PHOTO
Teamster Aleks Berzins has scored a back-to-back win in The Golden Plough and can next be seen with his horse team at the Barellan Good Old Days Festival on 2-4 October.
Aleks will be not only ploughing but showing off his other talents as a horse master and why he is rated among the top horse teamsters in the world.
Sitting on a rusty horse-drawn scarifier, Aleks Berzins is farming the land in the same way his grandfather did.
The 36-year-old, from Exeter in the NSW Southern Highlands, breeds Australian draught horses, using them in every part of his farming operations.
“We really like to keep it traditional,” Mr Berzins said.
“Everything from ploughing, harrowing paddocks, sowing, cutting hay and stripping-off a crop.”
He owns more than 50 drought horses.
Mr Berzins said a part of the farm was prepared for cropping using a single furrow plough.
“We do a section of the farm every year and if the conditions are right, it’s a pretty nice, peaceful thing to do,” he said.
He said the horses enjoyed the farm work as much as he did.
“They are herd animals, they do like to work together, and they really enjoy what they’re doing,” he said.

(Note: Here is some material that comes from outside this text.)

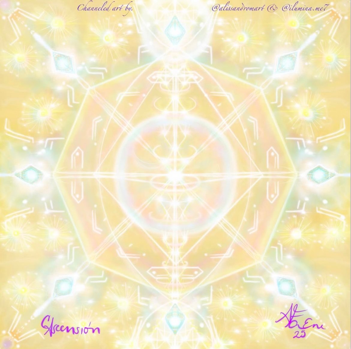 All the information of light-love codes within the channeled artworks of the Appointment with Ascension, are a collective information received in unity with each host (@pausameditationstudio, @junkdna and @thequantumlight), facilitators (@jossyhalabi, @claudiahalabi24, @ayshaluzyamor, @rositadacosta, @angelicadacostabrito) and assistants, is a channeling in unity granted by the high spheres of light ascended masters, archangels, families of light and stars; Therefore, one third of what is received in the energy exchange is reserved to continue spreading and expanding the light and knowledge of this free encounter.
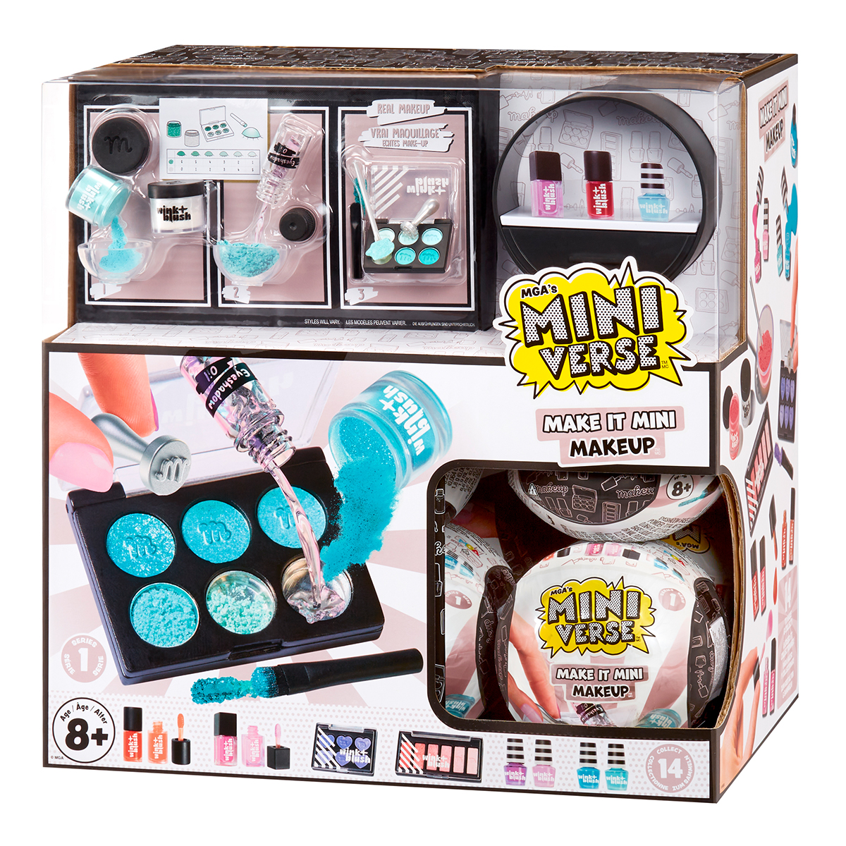 Следуйте инструкции, смешивайте ингредиенты и получите настоящее косметическое средство в мини-формате! В серии представлено 14 уникальных наборов и более 30 аксессуаров для коллекционирования: баночки, аппликаторы, наклейки и другие детали. Украсьте свою витрину и соберите полный бьюти-уголок Miniverse!

Mr Berzins said using heavy horses and antique equipment was not as quick as modern day farming practices but believed it had other benefits.
“The way the soil is turned over with horses in general is slower and I think it’s better for the soil,” he said.
“You’re using it more in an organic way, turning [the soil] over with a moldboard plough or scarifying the paddock to knock the weeds.”
He said working with a team of horses involved time and patience.
“They’re not like a tractor – you can't just put a key in," he said.
“When you’re working multiple, say a team of eight [horses], they’ve all got different personalities, so putting them in places where they are happy is important.”
Mr Berzins developed his interest in heavy horses by working with his grandfather, Sidney Samuels.
“It’s nice to go out and plough a paddock that I remember him ploughing and it certainly keeps his memory alive,” he said.
Mr Berzins is one of the wagon drivers, known as teamsters, behind a record-breaking event that involved 62 heavy horses being harnessed to pull a wagon at Barellan in the NSW Riverina.
He trained 30 horses in the mega-team, controlling the lead horses using voice commands from the wagon.
“Following behind a small horse team on the farm is different to seeing 62 horses out in front of you,” Mr Berzins said.
“It’s something I will never forget … I’m proud of the horses and what they have achieved.”